• AIM OF THE EXERCISE
Transcribe every entry that follows, word for word, and omit the images.

==== DATA IN THIS EXERCISE ====

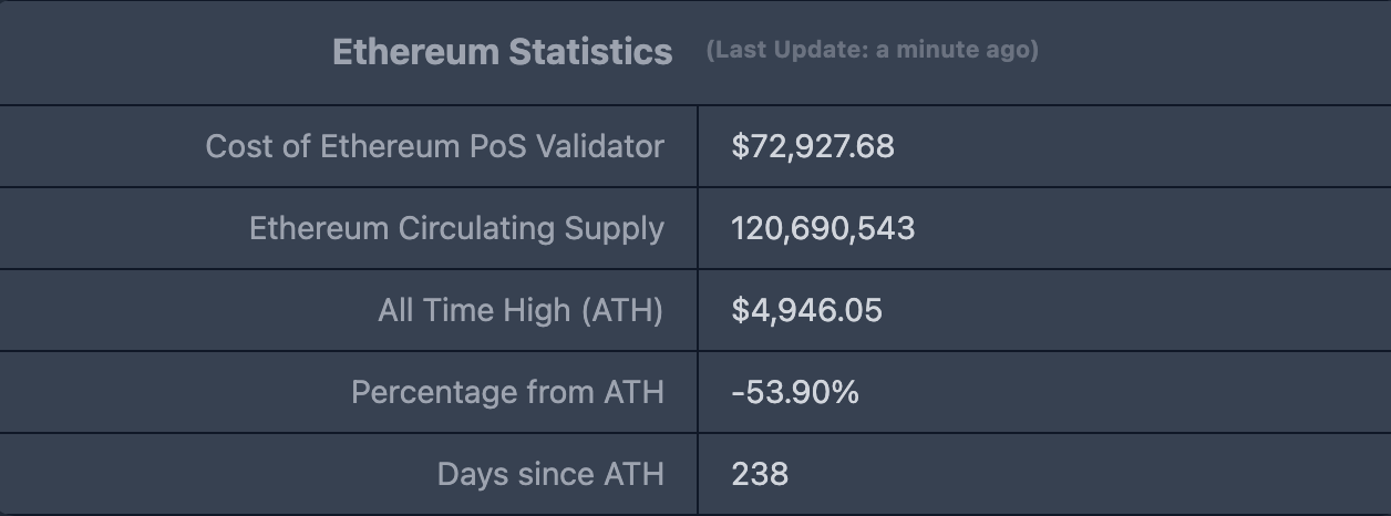 ETHUSD :现价$2,279.78,历史最高价$4,946.05,距最高价跌幅约53.89%
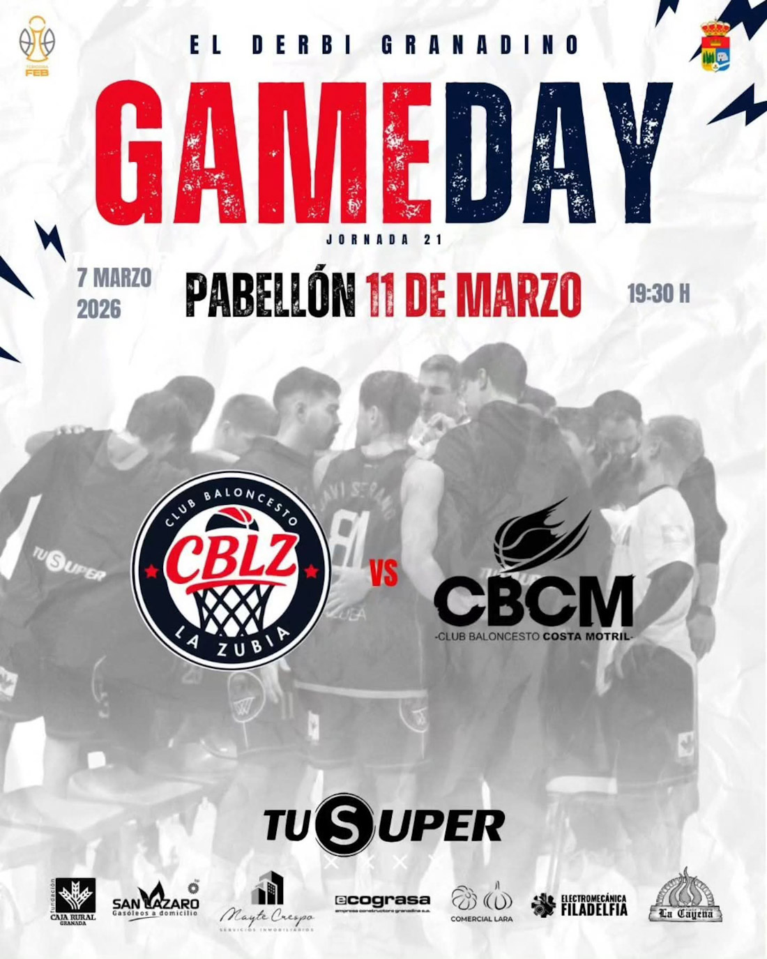 El pabellón 11 de marzo acogerá el duelo entre Tú Súper CB La Zubia y Molina Olea Costa Motril
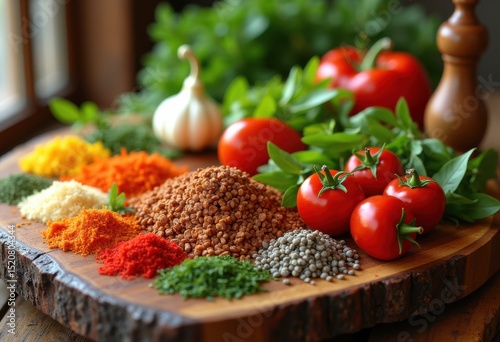 vibrant colorful ingredients freshly arranged rustic wood cutting board chopping board culinary arts food preparation, presentation, organic, cooking
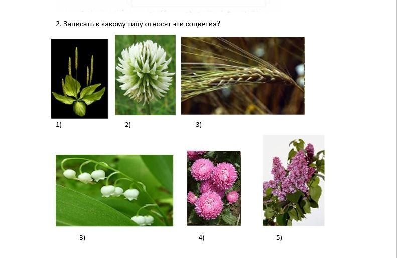 1) Запишите к какому типу относятся эти соцветия (то что прикреплено)
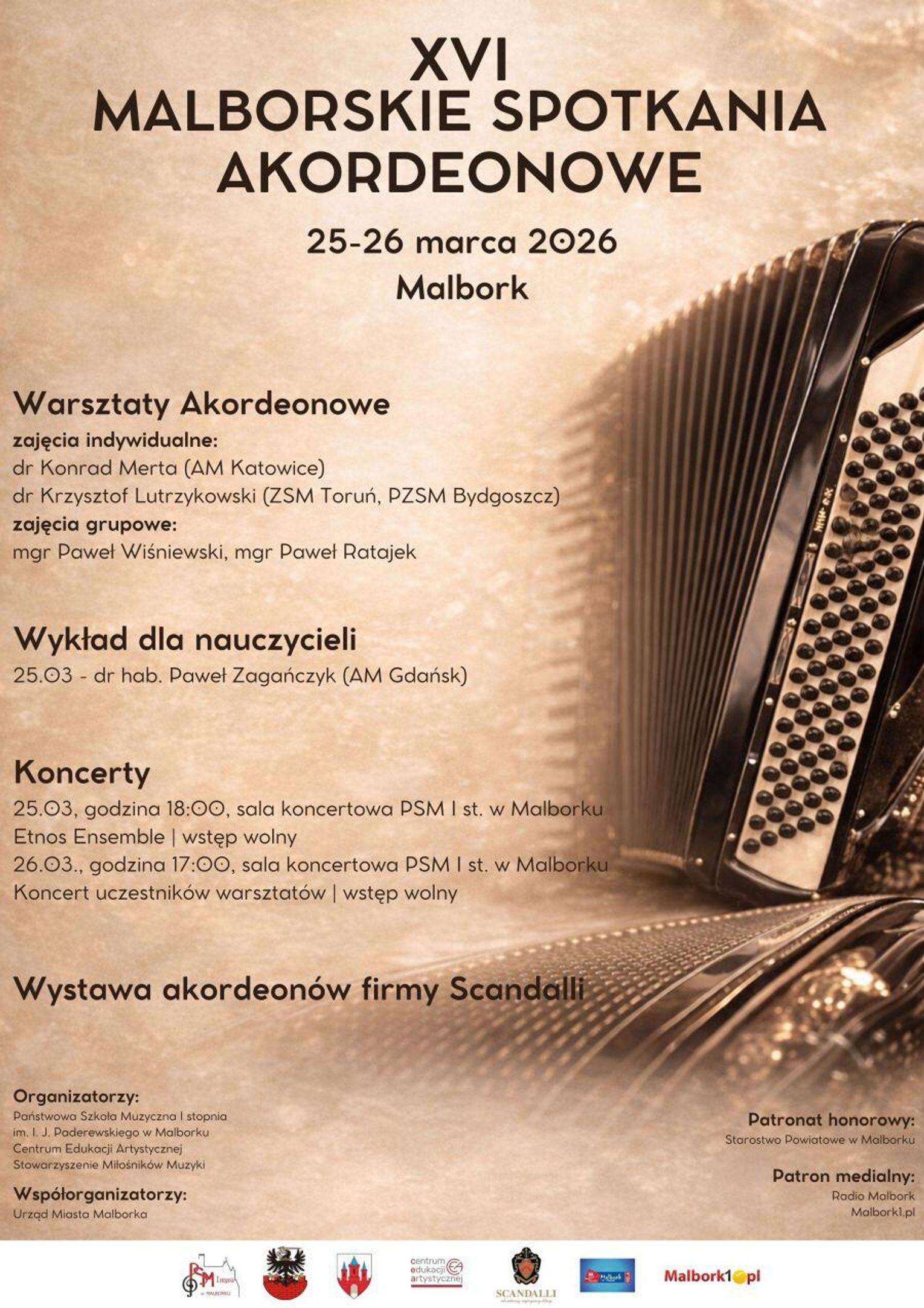 XVI Malborskie Spotkania Akordeonowe. Koncerty, warsztaty dla uczniów oraz wykłady dla nauczycieli
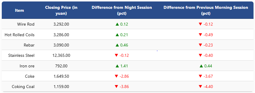 On the Shanghai Futures Exchange, rebar gained 0.46pct to 3,090 yuan (USD 435), HRC edged up 0.21pct to 3,286 yuan (USD 462), and wire rod also inched higher to 3,292 yuan (USD 463). Stainless steel slipped to 12,365 yuan (USD 1,739) per ton.

====

• YOUR SOLUTION
 ETHUSD :现价$2,279.78,历史最高价$4,946.05,距最高价跌幅约53.89%
 El pabellón 11 de marzo acogerá el duelo entre Tú Súper CB La Zubia y Molina Olea Costa Motril
 vibrant colorful ingredients freshly arranged rustic wood cutting board chopping board culinary arts food preparation, presentation, organic, cooking
 1) Запишите к какому типу относятся эти соцветия (то что прикреплено)
 XVI Malborskie Spotkania Akordeonowe. Koncerty, warsztaty dla uczniów oraz wykłady dla nauczycieli
 On the Shanghai Futures Exchange, rebar gained 0.46pct to 3,090 yuan (USD 435), HRC edged up 0.21pct to 3,286 yuan (USD 462), and wire rod also inched higher to 3,292 yuan (USD 463). Stainless steel slipped to 12,365 yuan (USD 1,739) per ton.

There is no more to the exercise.